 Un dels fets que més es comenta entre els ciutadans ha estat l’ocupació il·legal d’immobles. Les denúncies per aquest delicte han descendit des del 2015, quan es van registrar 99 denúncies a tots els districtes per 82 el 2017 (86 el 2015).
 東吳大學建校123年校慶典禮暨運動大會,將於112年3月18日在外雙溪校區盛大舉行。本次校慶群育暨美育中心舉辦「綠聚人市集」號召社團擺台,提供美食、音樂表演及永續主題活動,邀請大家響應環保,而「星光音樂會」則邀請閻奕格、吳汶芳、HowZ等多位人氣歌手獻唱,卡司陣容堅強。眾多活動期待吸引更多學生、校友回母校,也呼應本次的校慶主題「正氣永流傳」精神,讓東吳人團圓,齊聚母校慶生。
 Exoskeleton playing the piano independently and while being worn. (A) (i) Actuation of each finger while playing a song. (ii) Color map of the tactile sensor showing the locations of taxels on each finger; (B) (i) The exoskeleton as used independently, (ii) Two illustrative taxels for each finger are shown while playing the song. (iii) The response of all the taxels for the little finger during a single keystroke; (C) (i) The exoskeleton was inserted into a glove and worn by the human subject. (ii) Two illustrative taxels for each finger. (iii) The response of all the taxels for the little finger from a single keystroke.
○ ○ ○ ○ ○
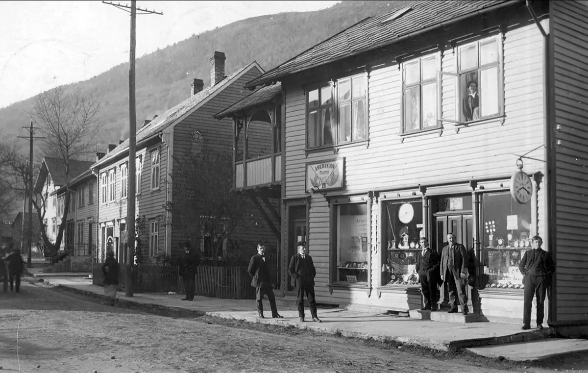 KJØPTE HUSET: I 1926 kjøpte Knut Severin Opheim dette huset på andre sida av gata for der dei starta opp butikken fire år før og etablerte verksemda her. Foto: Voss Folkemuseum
○ ○ ○ ○ ○
§ Work instructions
Give back, exactly as written, the stretch from the line with "Un dels fets" through the line with "Exoskeleton playing the", and no other lines from the records above.

§ Answer to the problem
 Un dels fets que més es comenta entre els ciutadans ha estat l’ocupació il·legal d’immobles. Les denúncies per aquest delicte han descendit des del 2015, quan es van registrar 99 denúncies a tots els districtes per 82 el 2017 (86 el 2015).
 東吳大學建校123年校慶典禮暨運動大會,將於112年3月18日在外雙溪校區盛大舉行。本次校慶群育暨美育中心舉辦「綠聚人市集」號召社團擺台,提供美食、音樂表演及永續主題活動,邀請大家響應環保,而「星光音樂會」則邀請閻奕格、吳汶芳、HowZ等多位人氣歌手獻唱,卡司陣容堅強。眾多活動期待吸引更多學生、校友回母校,也呼應本次的校慶主題「正氣永流傳」精神,讓東吳人團圓,齊聚母校慶生。
 Exoskeleton playing the piano independently and while being worn. (A) (i) Actuation of each finger while playing a song. (ii) Color map of the tactile sensor showing the locations of taxels on each finger; (B) (i) The exoskeleton as used independently, (ii) Two illustrative taxels for each finger are shown while playing the song. (iii) The response of all the taxels for the little finger during a single keystroke; (C) (i) The exoskeleton was inserted into a glove and worn by the human subject. (ii) Two illustrative taxels for each finger. (iii) The response of all the taxels for the little finger from a single keystroke.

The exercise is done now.